I'm doing the Seeking Him study and we're on Chapter Three now about Honesty.
Our memory verse is Proverbs 28:13 (let's see if I can remember it!) He who conceals his transgressions will not prosper, but he who confesses and forsakes them will find compassion.
If we want true revival in our hearts, we must start with a humble acknowledgement that we are sinners and God is holy and good.
One of the most helpful parts of this study is the self-evaluations on each Day 5 lesson of each Chapter. This week's lesson asked such questions as: Do I volunteer for service and good works to glorify God or to impress others?
Do I see my sin as God sees it, or do I tend to think of it in terms of "weaknesses" or "personality quirks"?
Do I often leave others with the impression that I am more spiritually mature and committed than is actually true?
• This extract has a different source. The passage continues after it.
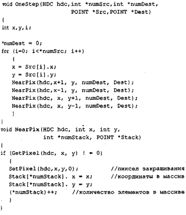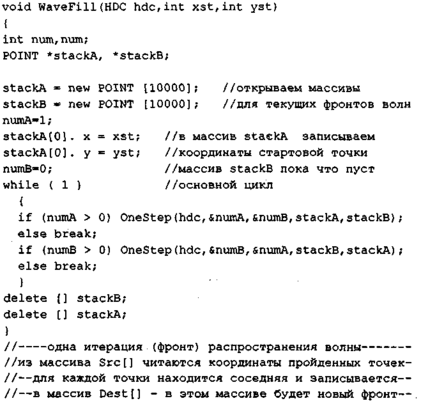 Запишем волновой алгоритм закрашивания на языке C++ с использованием графических функций API Windows.

Am I guilty of speaking graciously to others while harboring hatred or bitterness in my heart towards them?
So as I'm reading through this list, asking the Lord to reveal sin in my life, he is faithful to do so, and he illuminated something for me that was quite shocking:
I slander my firstborn son.
When we struggle, I seem to be the first one to complain to whoever will listen. I do this from a sense of "see how I struggle and how humble I am about it to share it with you." But in reality, I'm just wanting to grumble. It's not helping anyone to hear me whine about how difficult he is, and as he gets older, he's going to wind up hearing me some time or another. It's also going to affect how others relate to him, giving him an unfair disadvantage to already have that "difficult" label.
So my prayer now is that I will take my troubles directly to God, then to my husband, then to a trusted friend who I know will pray for me and not allow me to slander him.